What does the discovery of Bigfoot mean to enthusiasts [Ketchum Report]
The last Ice Age-- to many animals on this earth, it was catastrophic. It caused the extinction of many species of mammals and challenged the existence of the human species. Could the pressures of human evolution explain the rise of the Sasquatch people? Whitley Striebers has written a piece about "What the Confirmation of Bigfoot Means". He also discusses Bigfoot's "extraordinary" effort to stay hidden from humans:
But I want to go beyond discussion of what might have been then and what Sasquatch might be like now, and explore why it is that this species has kept itself so expertly hidden from Homo Sapiens that it was, even among the people of Tibet and the Native American tribes, both highly skilled in the ways of the wilderness, more of a legend than a reality.
From earliest times and throughout our history, Sasquatch has made an extraordinary effort to stay hidden. Not a single skeleton has been found. Very little has been discovered of shelters or habitations or nests. There is only an equivocal photographic record. Few people have ever come face-to-face with Sasquatch, not in modern times and not at any time.
Obviously, Sasquatch is quite intelligent and quite skilled, and seeks--or sought--this concealment. I say 'sought,' because when you hear the sounds on Dreamland this week and learn of the circumstances under which they were recorded, you will conclude, as I did, that they were being made by something that wanted to be heard. Many of the recordings are thirty and more years old, so, if Sasquatch has been making an approach to us, it has been unfolding very slowly.
Perhaps they are intelligent enough to have realized that, with all of our searching and collection of samples, we were inevitably going to discover them, and have been taking steps that they hope will enable them to control their side of the experience, so that we will not, either out of willfulness or an excess of kindness, destroy them.
Read the full article: www.unknowncountry.com
Winner winner chicken dinner!
ReplyDeleteI thought that also, until I say your mother naked! She had a fanny like a canoe...I wasn't sure to fuck her or jump in and paddle the bitch.

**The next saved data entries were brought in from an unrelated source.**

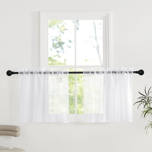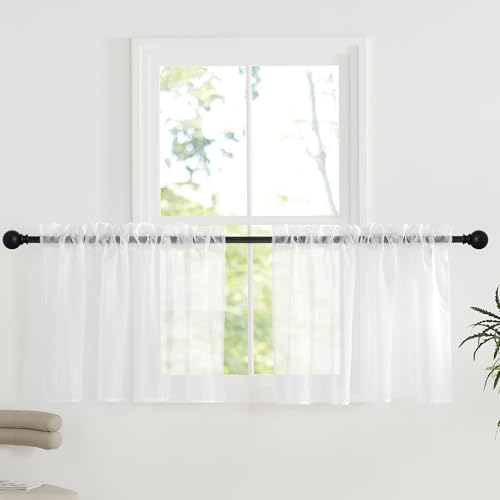 MRTREES Voile White Curtains 48 Inch Drop 2 Panels Voile Curtain Panel Rod Pocket for Door Bedroom Kitchen 55x48 Inch Drop Short Sheer Curtains 140cm x 122cm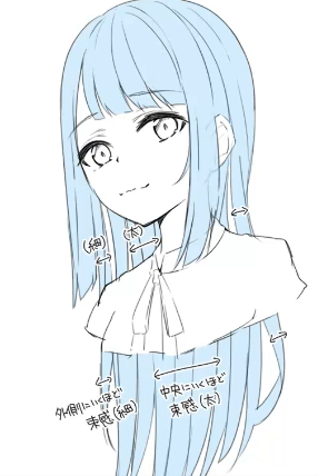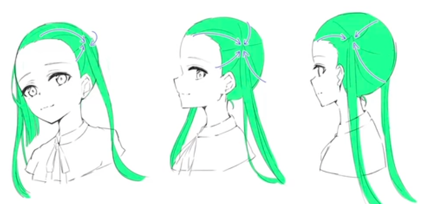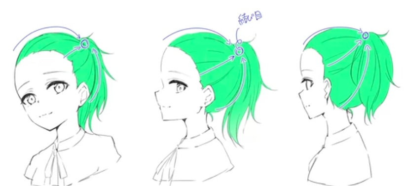위 그림과같이 머리카락이 나는 부분을 시작으로 머리가 묶인 부분까지 의식해서 그리면된다. 또한 묶인 부분에서부터 가마를 기준으로 작업한 것처럼, 머리카락을 뽑아내는 형태로 작업하면된다. 여기서 주의할점은, 외곽선이 가장 뚜렷하게 들어나는 헤어스타일임으로, 외곽선을 직선으로 구성하지 않고 선을따라 곡선으로 그려주는 것이다.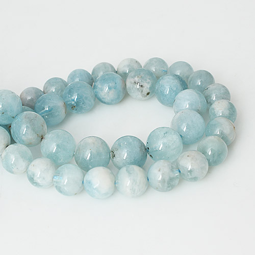 - 싼비즈 [51-080]원석라운드 10mm 천연석 아쿠아마린 ,반줄(약17개)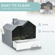 PawHut Hooded Cat Litter Tray - Scoop Drawer, Handle, Deodorant
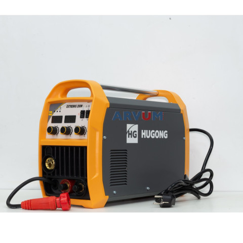 HUGONG EXTREMIG 200W III เครื่องเชื่อมไฟฟ้าแบบพกพา 3 ระบบ MIG / STICK(MMA) / Lift TIG ให้พลังเชื่อมครบจบในเครื่องเดียว เหมาะสำหรับงานเชื่อมเหล็กและสแตนเลส ทั้งงานซ่อมบำรุง งานประกอบโครงสร้าง และงานช่างทั่วไป มาพร้อมเทคโนโลยีอินเวอร์เตอร์ IGBT รุ่นใหม่ล่าสุด ช่วยให้การเชื่อมนิ่ง อาร์คสวย ประหยัดไฟ และใช้งานได้คล่องตัว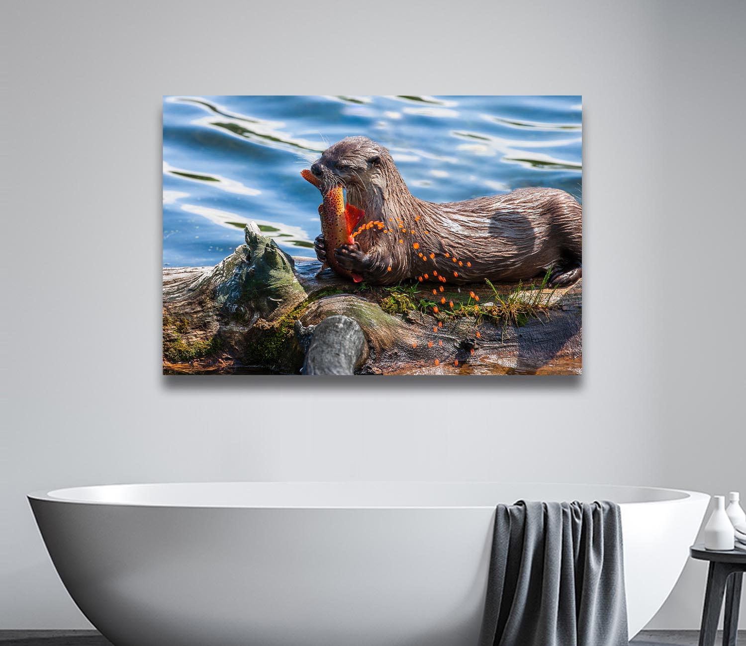 A Northern River Otter delights in a messy meal of a beautifully colored female Yellowstone Native Cutthroat Trout during the summer spawn. Otters are graceful in water and quick on land, making them adorable yet highly effective predators. During their spawn, Cutthroat Trout provide food for many animals including bears and osprey. And no part of the fish are wasted, with young otters often cleaning up any scraps and eggs left from the feast.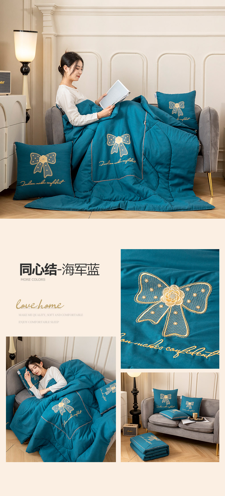 商品名称:雷人家纺 2023新款同心结系列刺绣多功能抱枕被 同心结-海军蓝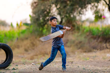 Rural Indian Child Playing Cricket.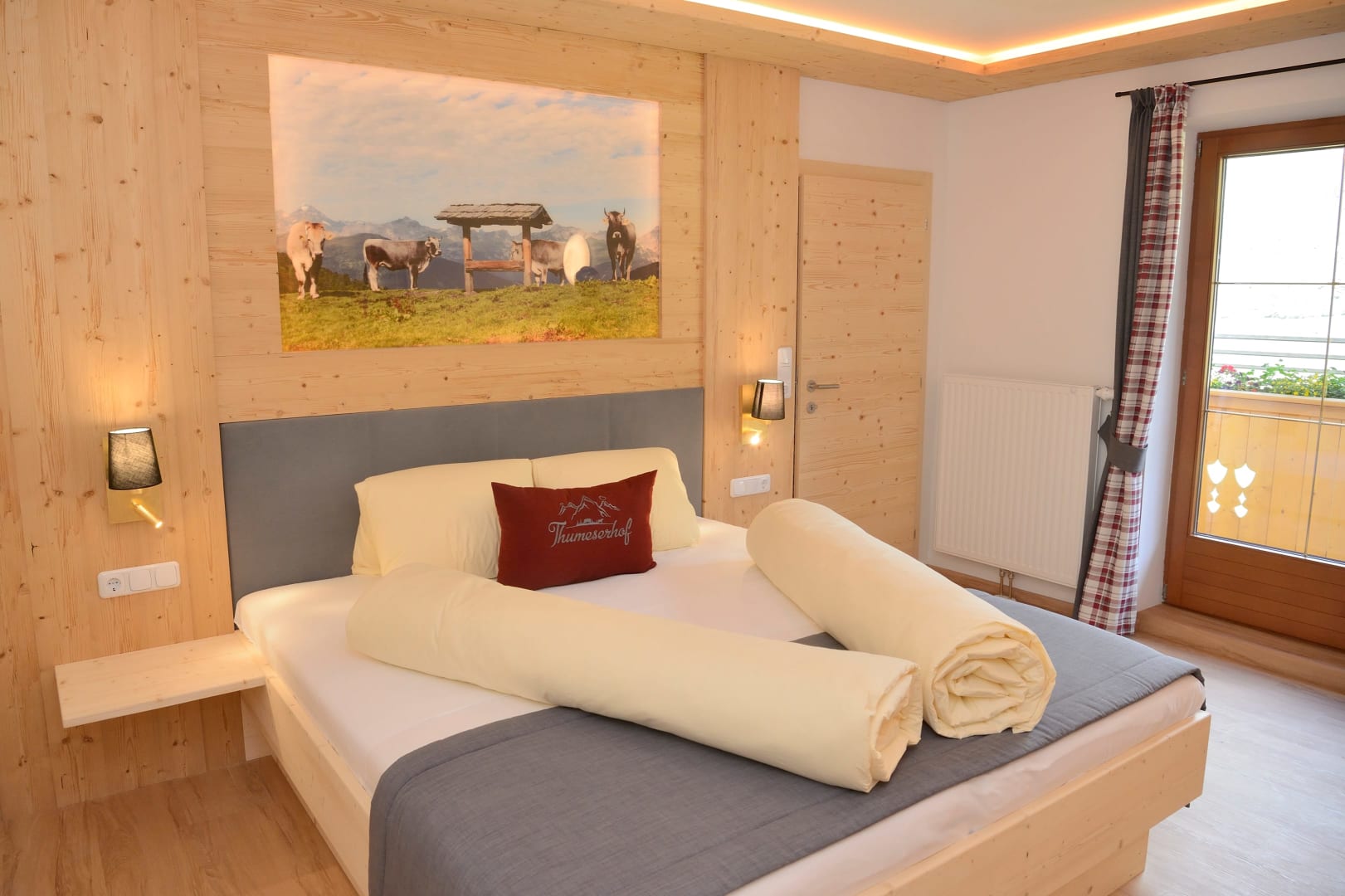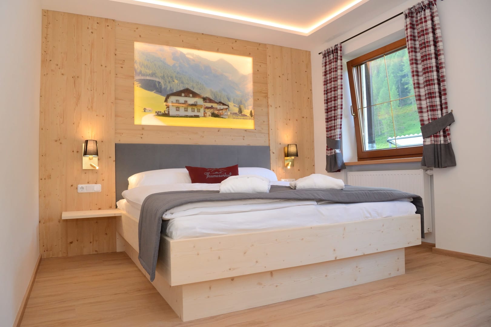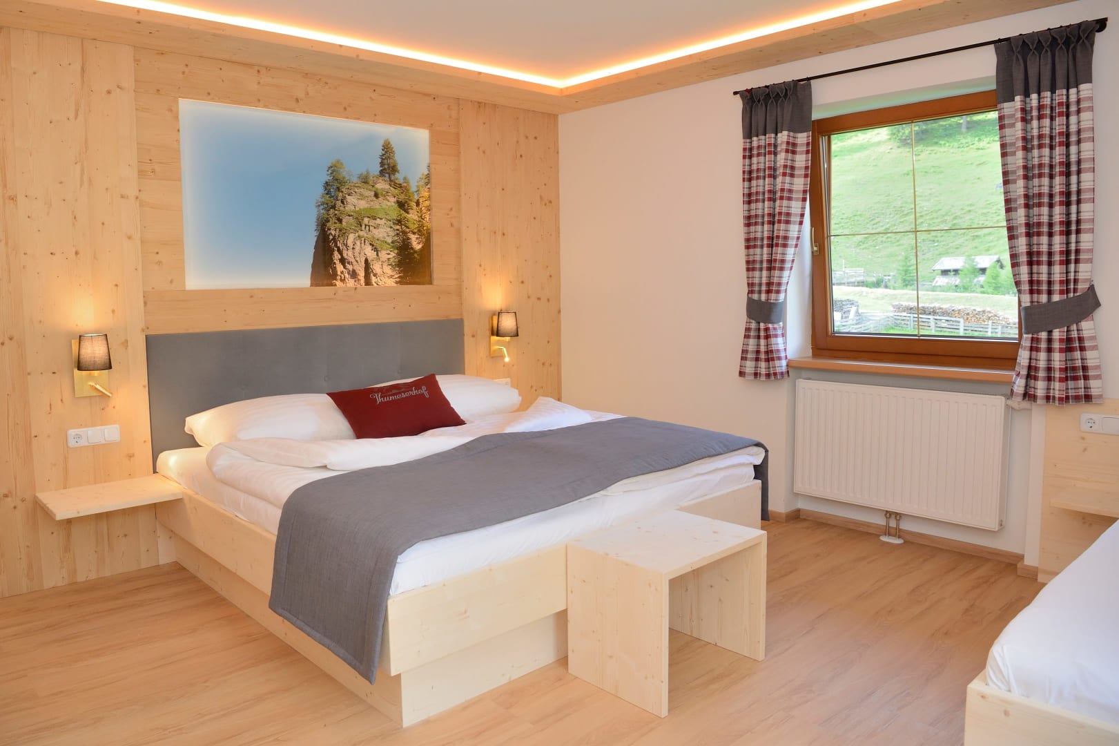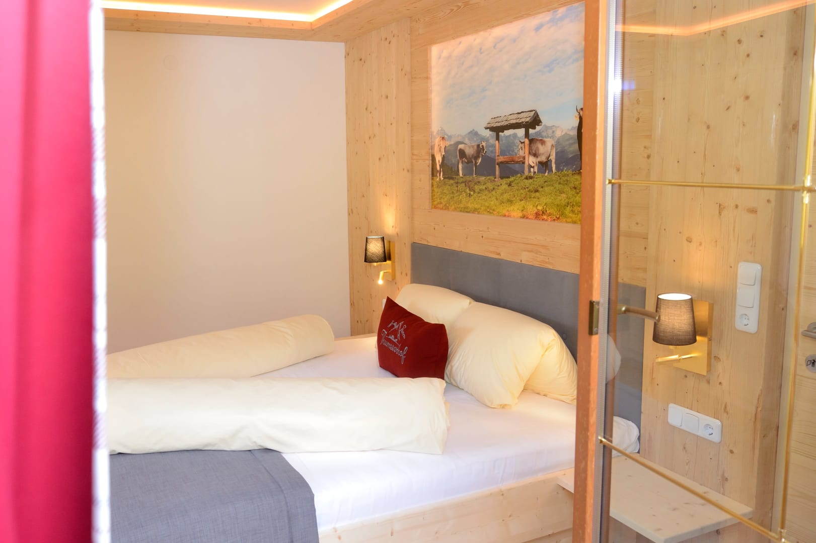 Das Zimmer Ramsgruben ist in Vollholz Fichte eingerichtet mit einem eigenen tollen Badezimmer. Durch die unterschiedliche Lichtgestaltung kann ich mir gemütliche oder helle Stimmung schaffen. Das Zimmer hat ein Zusatzbett für Kinder und einen Mini Kühlschrank.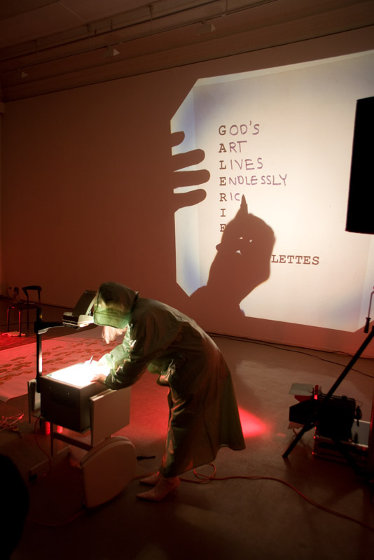 Foto fra performancen Natural Artifice (2007) av Irma Optimist, vist under Performancefestivalen 2007 i Kunstbanken Hedmark Kunstsenter.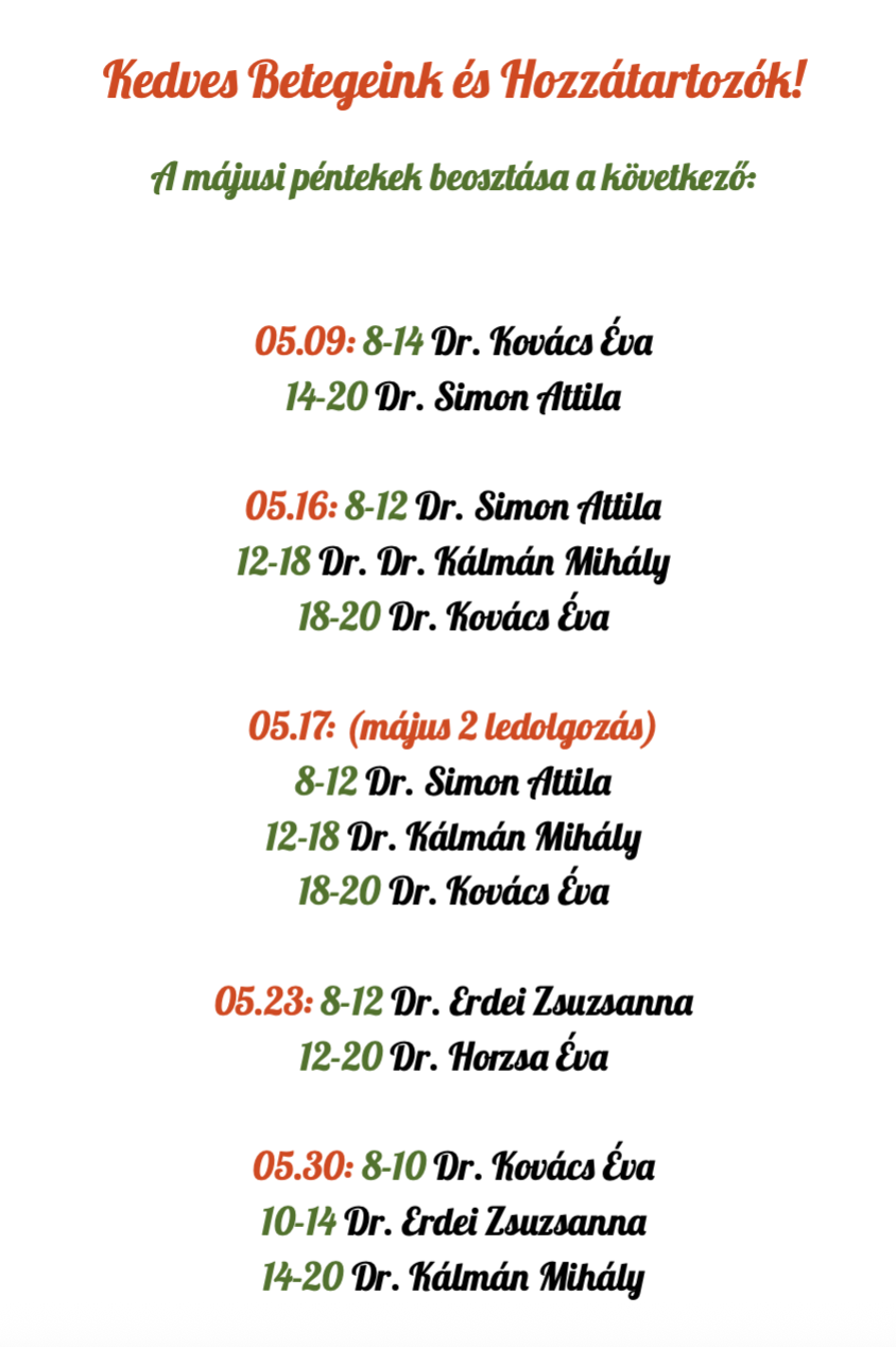 Orvosaink rendelési ideje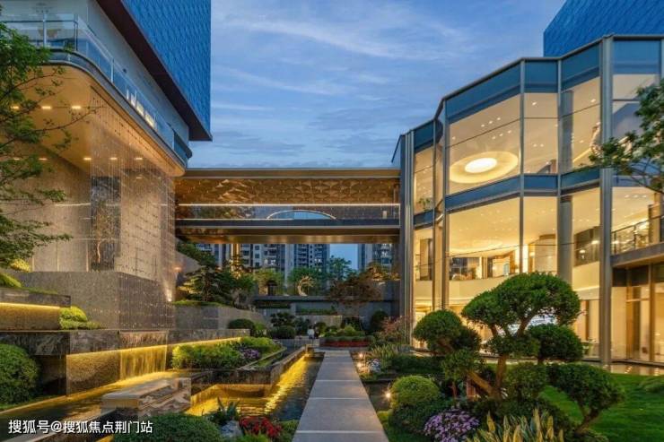 整体的抬高,让约70米宽的鎏金天幕大门头高度达到了约9米,显得格外气势非凡。天桥连接了会客厅、架空层和内部园林。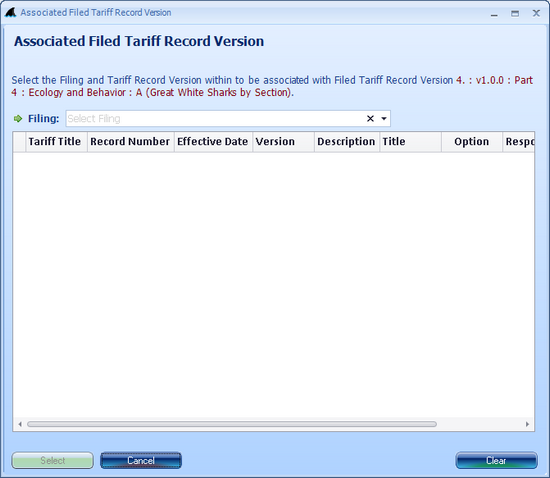 - A popup dialog (Figure 3) is used to associate one Filed Tariff Record Version with another. Select a Filing from the drop-down, then select an FTRV from the grid, and then click the "Select" button to make the association. In order to remove an FTRV's associated FTRV, click the "Clear" button.

DeleteWOW! I'm sexually attracted to that big black hole in the ice. Maybe it is called the muk tuk hole.
Delete^ lol I hope he posts a picture of a train..
Deleteyeah................Harry Potter
DeleteIt's a black taterhole
DeleteKinda reminds me of my ex-wife. The frigid hole, I mean.
DeleteAnon 3:44, why the hostility? It's IDIOTS like you who RUIN the comments section! That was uncalled for and NOT funny.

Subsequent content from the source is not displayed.